### Task description
Reproduce exactly only the lines from the line that holds "IM i Prideparaden i Jönköping." to the line that holds "Peso de totuma", inclusive, in the listing below, and please leave out every picture.

### Data to process
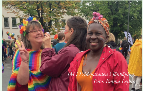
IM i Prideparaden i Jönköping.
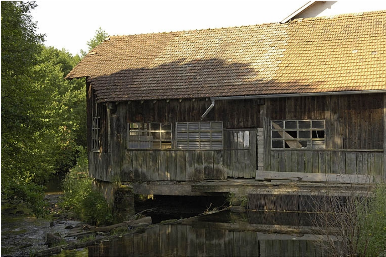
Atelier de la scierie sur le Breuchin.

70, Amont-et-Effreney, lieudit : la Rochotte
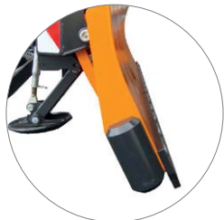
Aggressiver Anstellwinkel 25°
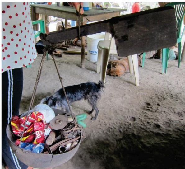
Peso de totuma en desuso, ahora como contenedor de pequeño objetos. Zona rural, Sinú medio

==

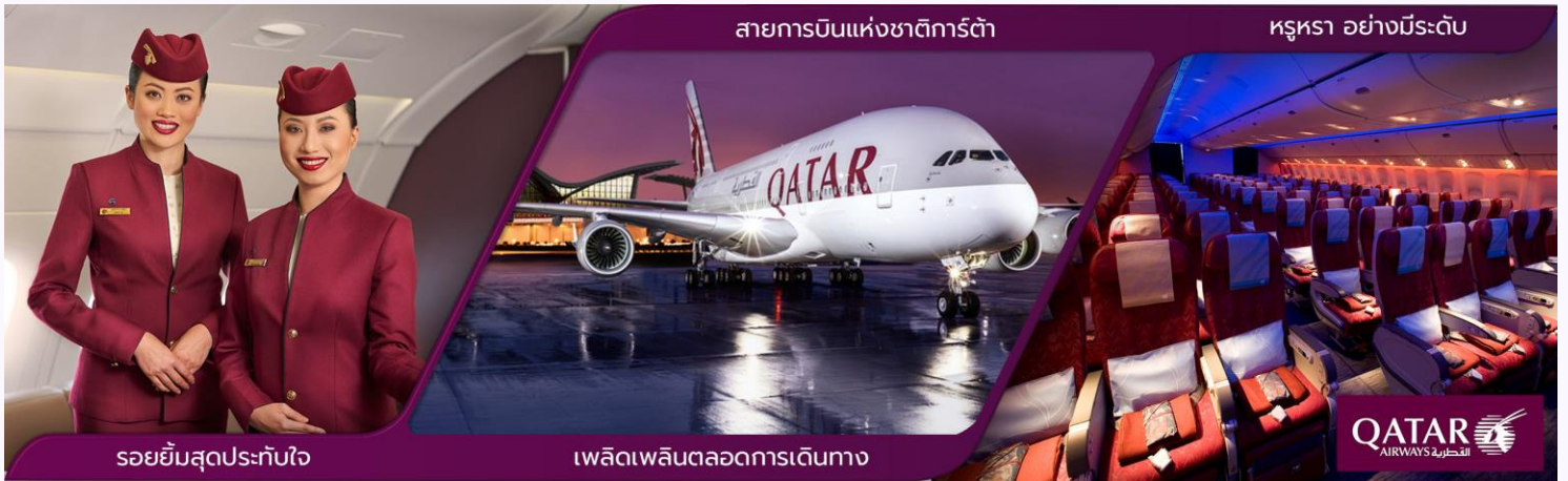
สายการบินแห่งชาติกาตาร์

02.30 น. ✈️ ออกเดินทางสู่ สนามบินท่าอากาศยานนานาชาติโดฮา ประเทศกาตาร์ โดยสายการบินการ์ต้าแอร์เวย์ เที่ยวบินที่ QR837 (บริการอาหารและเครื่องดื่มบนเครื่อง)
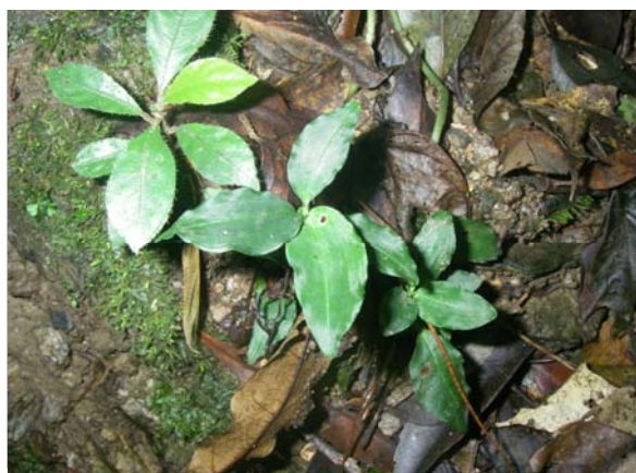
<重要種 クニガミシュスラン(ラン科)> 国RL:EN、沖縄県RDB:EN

==

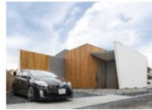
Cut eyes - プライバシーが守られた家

### Your response
IM i Prideparaden i Jönköping.
Atelier de la scierie sur le Breuchin.

70, Amont-et-Effreney, lieudit : la Rochotte
Aggressiver Anstellwinkel 25°
Peso de totuma en desuso, ahora como contenedor de pequeño objetos. Zona rural, Sinú medio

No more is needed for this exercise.